*DATA SHOWN*
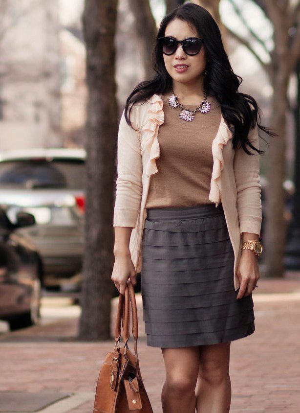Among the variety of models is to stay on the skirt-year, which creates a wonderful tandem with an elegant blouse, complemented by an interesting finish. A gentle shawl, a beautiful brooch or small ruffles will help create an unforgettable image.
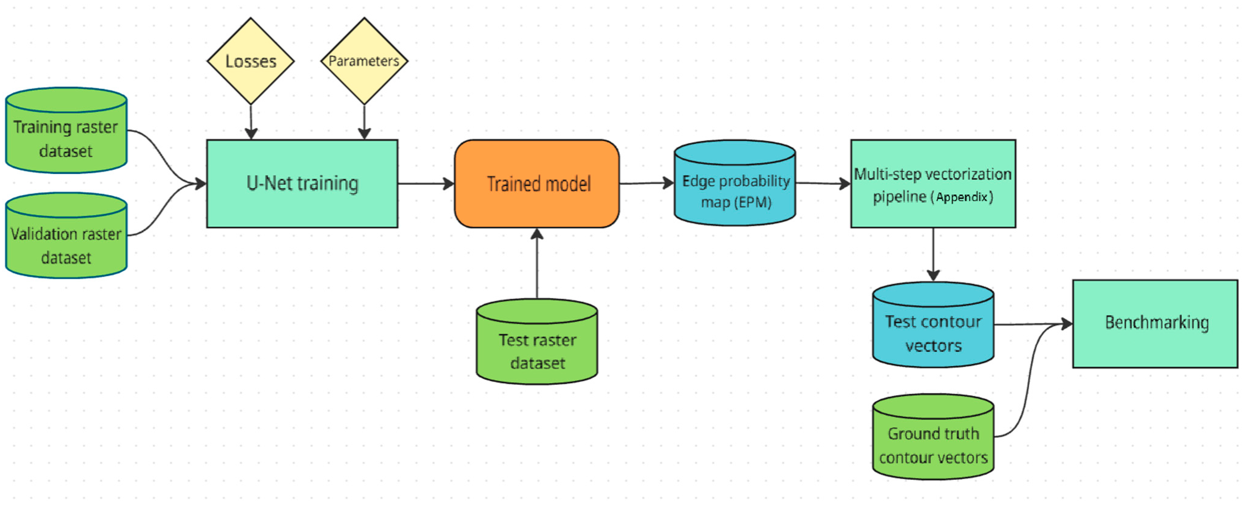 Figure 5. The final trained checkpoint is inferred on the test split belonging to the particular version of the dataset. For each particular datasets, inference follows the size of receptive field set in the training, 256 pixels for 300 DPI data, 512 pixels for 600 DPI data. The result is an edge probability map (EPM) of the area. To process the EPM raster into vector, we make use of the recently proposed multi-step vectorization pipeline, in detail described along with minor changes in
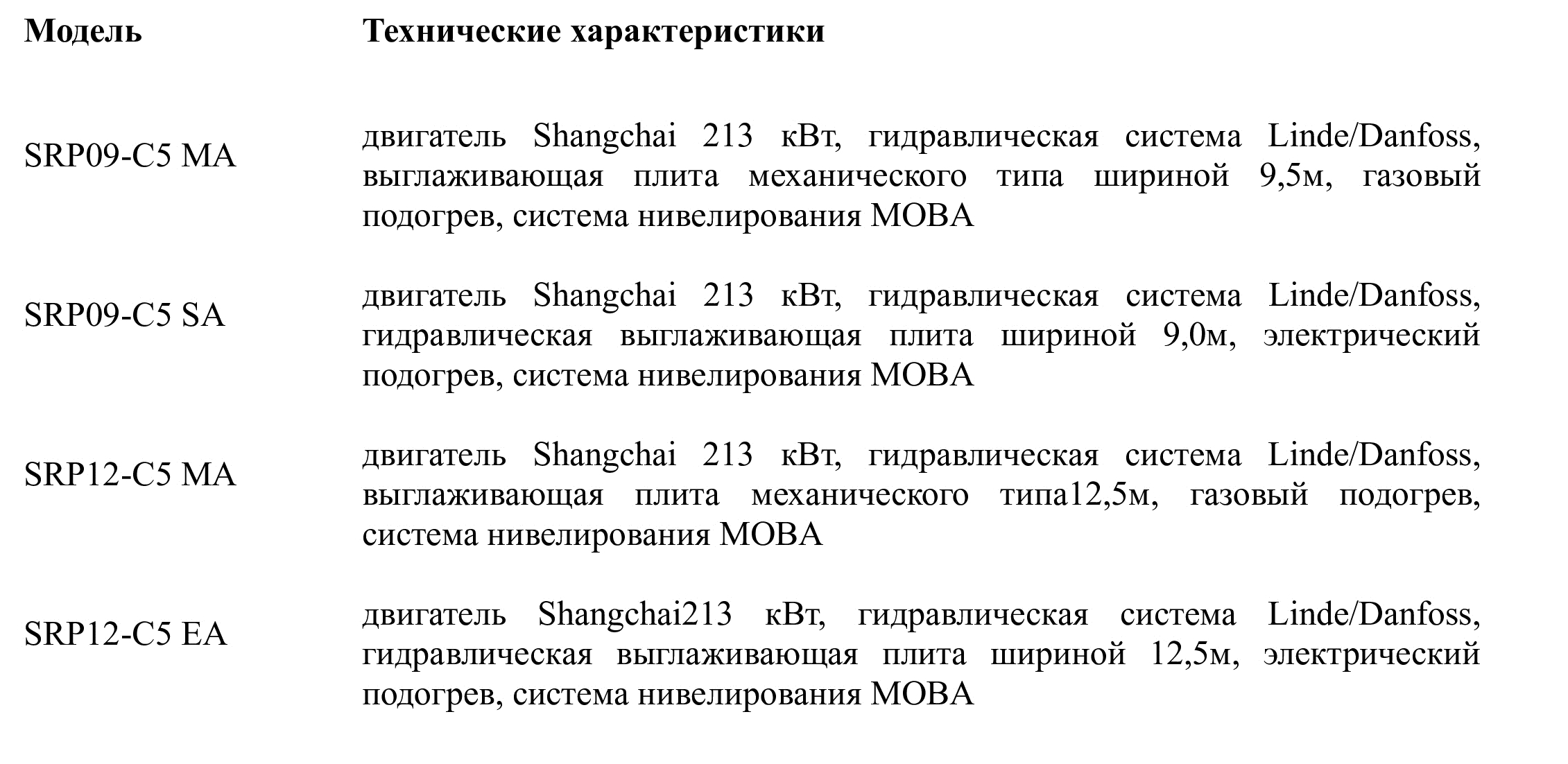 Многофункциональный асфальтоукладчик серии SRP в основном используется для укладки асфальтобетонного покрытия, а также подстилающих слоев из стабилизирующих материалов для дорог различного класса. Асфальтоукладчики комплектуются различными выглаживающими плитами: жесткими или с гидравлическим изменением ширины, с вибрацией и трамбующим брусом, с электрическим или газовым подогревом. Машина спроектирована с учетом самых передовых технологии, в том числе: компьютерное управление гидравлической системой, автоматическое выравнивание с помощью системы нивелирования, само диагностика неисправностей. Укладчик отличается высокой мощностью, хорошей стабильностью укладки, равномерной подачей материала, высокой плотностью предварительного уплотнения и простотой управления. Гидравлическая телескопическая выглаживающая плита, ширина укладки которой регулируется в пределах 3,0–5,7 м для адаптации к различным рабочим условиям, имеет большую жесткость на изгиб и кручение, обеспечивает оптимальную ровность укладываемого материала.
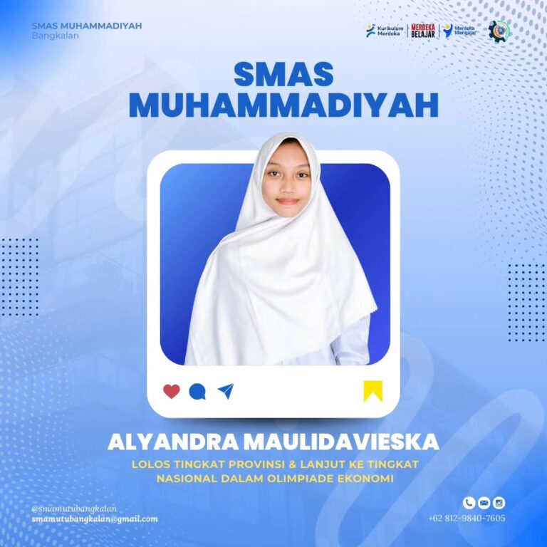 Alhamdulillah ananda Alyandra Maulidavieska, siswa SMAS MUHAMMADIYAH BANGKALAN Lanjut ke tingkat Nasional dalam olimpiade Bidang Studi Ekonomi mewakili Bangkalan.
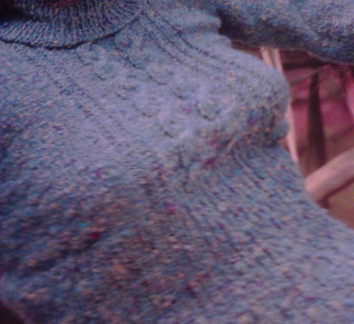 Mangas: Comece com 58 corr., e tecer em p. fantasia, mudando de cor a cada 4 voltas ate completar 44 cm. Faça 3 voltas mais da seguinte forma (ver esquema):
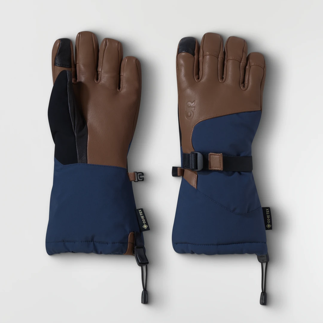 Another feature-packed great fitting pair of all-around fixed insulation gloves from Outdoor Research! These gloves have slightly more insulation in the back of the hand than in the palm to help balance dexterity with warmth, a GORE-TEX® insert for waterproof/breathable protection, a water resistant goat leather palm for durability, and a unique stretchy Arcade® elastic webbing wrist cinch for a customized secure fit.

* * *

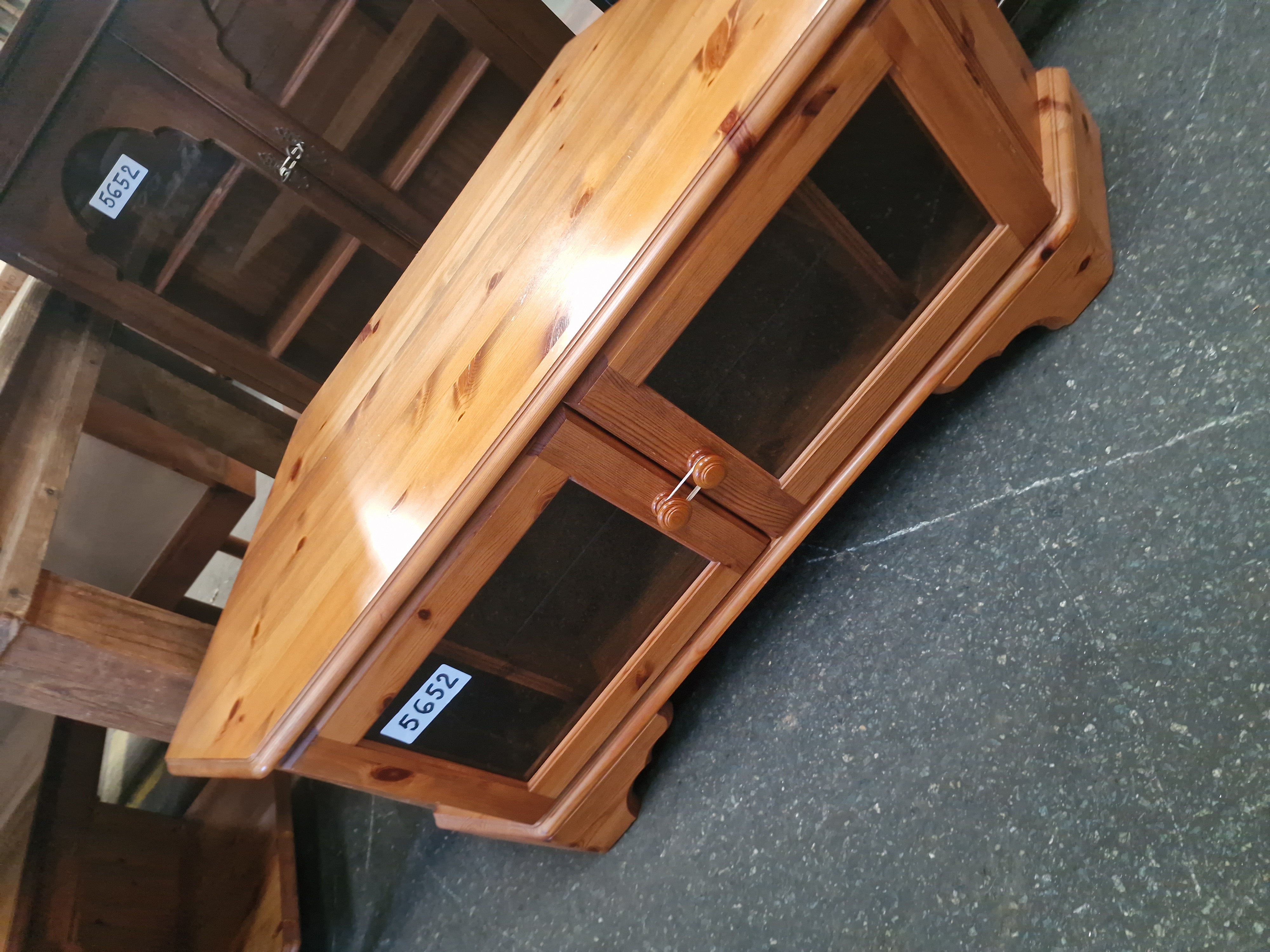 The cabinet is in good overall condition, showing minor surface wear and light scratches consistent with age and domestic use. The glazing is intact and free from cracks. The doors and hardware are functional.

*TASK STATEMENT*
Once the line with "Among the variety" is found above, print it and every line after it through the line with "Figure 5. The", exactly. Pictures stay out.

*SOLUTION TO THIS TASK*
Among the variety of models is to stay on the skirt-year, which creates a wonderful tandem with an elegant blouse, complemented by an interesting finish. A gentle shawl, a beautiful brooch or small ruffles will help create an unforgettable image.
 Figure 5. The final trained checkpoint is inferred on the test split belonging to the particular version of the dataset. For each particular datasets, inference follows the size of receptive field set in the training, 256 pixels for 300 DPI data, 512 pixels for 600 DPI data. The result is an edge probability map (EPM) of the area. To process the EPM raster into vector, we make use of the recently proposed multi-step vectorization pipeline, in detail described along with minor changes in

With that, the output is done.